How to Manage Peroneal Tendonitis?

Tendon injury from overuse is a very common issue in sport. It occurs if the load that the tendon is exposed to exceeds what the tendon can take. There is two parts to this. The first will be the cumulative load and that means simply how much exercise is done and just how often this is done. It is essential that the tendon is given time to get accustomed to those loads or the collective load will go beyond that. That is the second part, just how adapted the tendon would be to those loads. Understanding these concepts is really important in being familiar with and treating tendonitis.

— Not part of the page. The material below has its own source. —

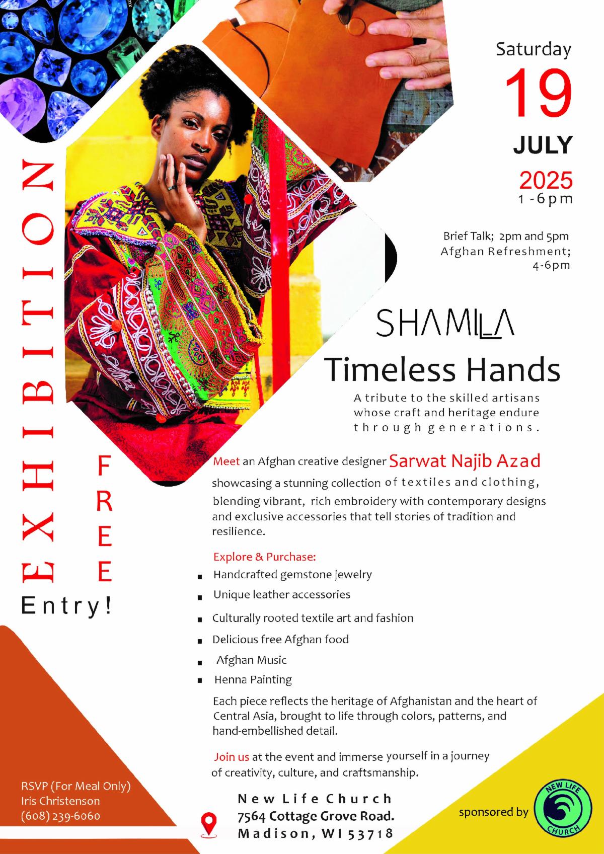 Our Social Purpose Team is sponsoring this special event on July 19th as a way to support our Afghan neighbors and friends. Invite a friend and come for any part of the event that fits your schedule. Contact Iris Christenson if you have any questions (608) 239-6060.
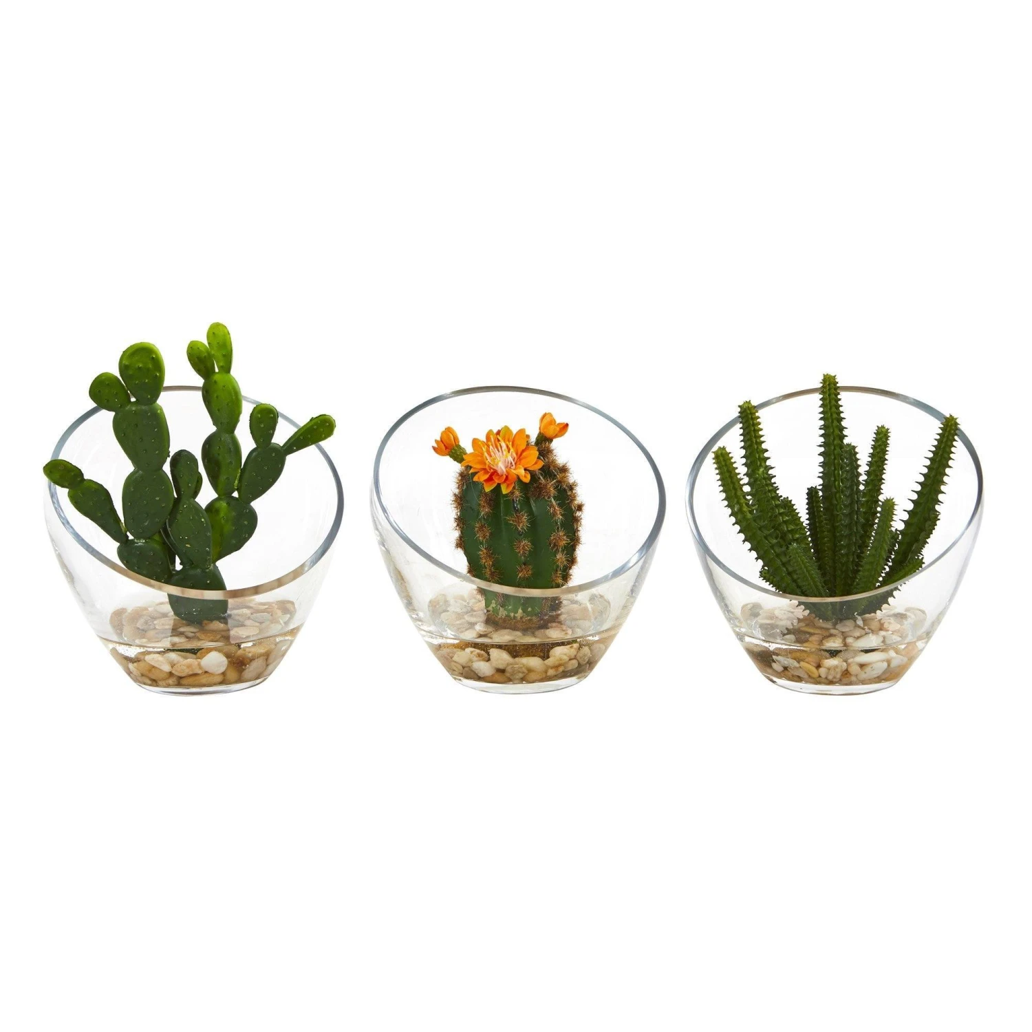 Incorporate southwestern charm to your decor scheme with this set of three artificial succulents; each a unique variation with lifelike characteristics, this charming trio would look beautiful displayed together or individually. Reaching 7” high from their own glass vase, they’re perfect for aligning on a shelf or dresser.

One example is, peroneal tendonitis which is an excessive use injury that occurs on the outside of the ankle joint. The collective load in this tendon is greater when activity levels are too high or increased too quickly and not enough time is given for the tendon to adapt to those high loads. The cumulative load is also increased by the biomechanics of the foot. For example, if the supination resistance of the foot is lower then the peroneal muscles on the outside of the leg will be required to work harder. That may place an increased stress on the peroneal tendons after which along with training errors that load may well exceed what the tendon can take and it develops tendonitis.

Based upon these principles, peroneal tendonitis is managed by reduction of that collective load. That will mean training volumes and frequency should be decreased somewhat to permit the tendon to adapt to the loads. The stress in this disorder can also be decreased with foot orthotics that evert the foot, which means the peroneal muscles does not need to work so hard. Next the tendon ought to be given an opportunity to adapt to the loads. This means that exercising volume and frequency ought to be slowing increased, with lots of rest between training loads to give the tendon to adapt to those loads.